▶ _WHAT YOU NEED TO DO_
Your answer should be the lines from the one with "Протокол матча Танта против Асван" to the end of the data below, both included, exact and free of pictures.

▶ _MATERIAL FOR THIS TASK_

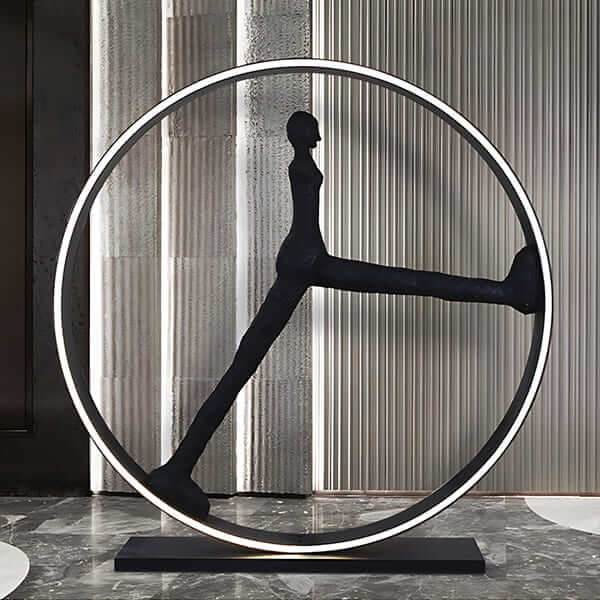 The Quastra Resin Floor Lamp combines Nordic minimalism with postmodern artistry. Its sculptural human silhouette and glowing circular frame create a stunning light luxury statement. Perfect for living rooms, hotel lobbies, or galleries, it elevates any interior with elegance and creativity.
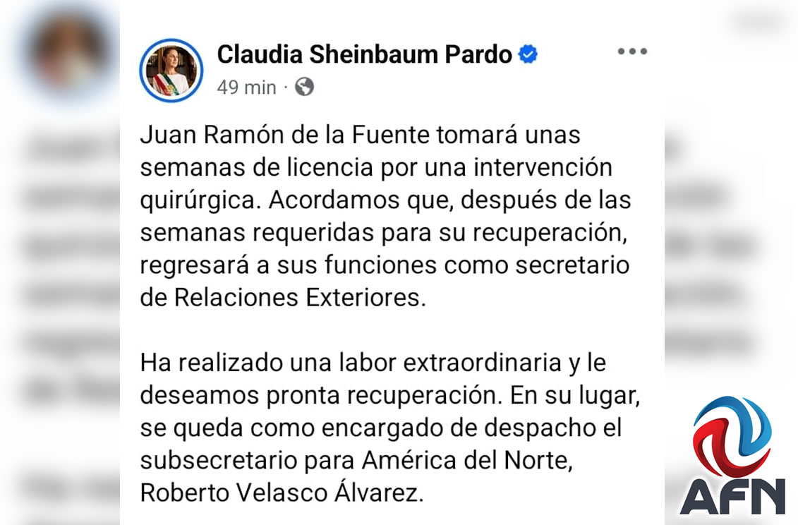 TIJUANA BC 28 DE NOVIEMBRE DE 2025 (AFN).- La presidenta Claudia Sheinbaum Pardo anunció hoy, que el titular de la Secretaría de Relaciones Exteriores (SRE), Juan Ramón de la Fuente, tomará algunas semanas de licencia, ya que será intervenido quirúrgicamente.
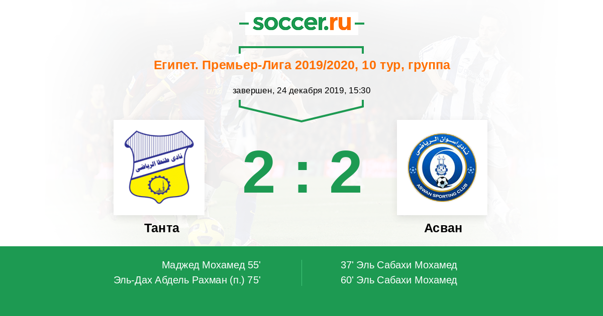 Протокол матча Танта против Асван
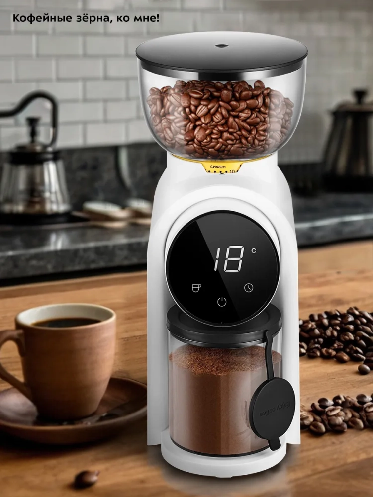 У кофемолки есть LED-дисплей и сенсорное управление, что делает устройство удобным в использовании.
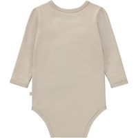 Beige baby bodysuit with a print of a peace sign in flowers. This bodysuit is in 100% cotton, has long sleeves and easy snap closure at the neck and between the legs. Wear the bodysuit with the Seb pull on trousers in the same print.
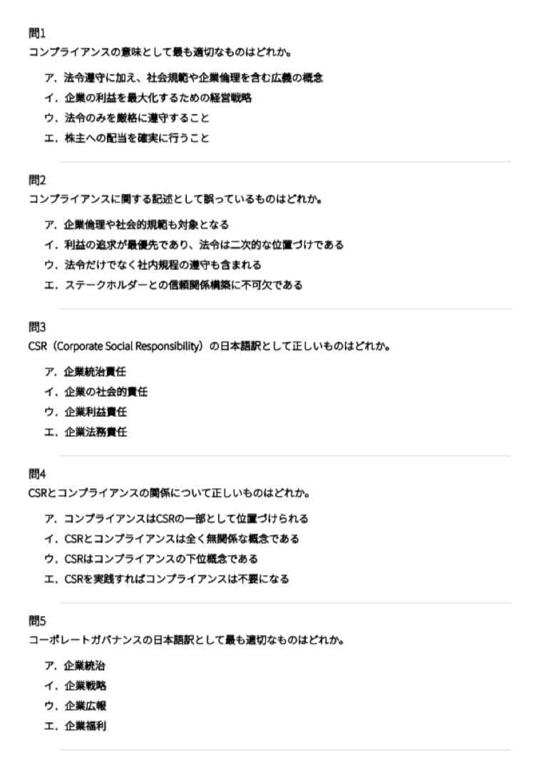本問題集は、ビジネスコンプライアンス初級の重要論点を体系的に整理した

▶ _OUTPUT OF THE TASK_
 Протокол матча Танта против Асван
 У кофемолки есть LED-дисплей и сенсорное управление, что делает устройство удобным в использовании.
 Beige baby bodysuit with a print of a peace sign in flowers. This bodysuit is in 100% cotton, has long sleeves and easy snap closure at the neck and between the legs. Wear the bodysuit with the Seb pull on trousers in the same print.
本問題集は、ビジネスコンプライアンス初級の重要論点を体系的に整理した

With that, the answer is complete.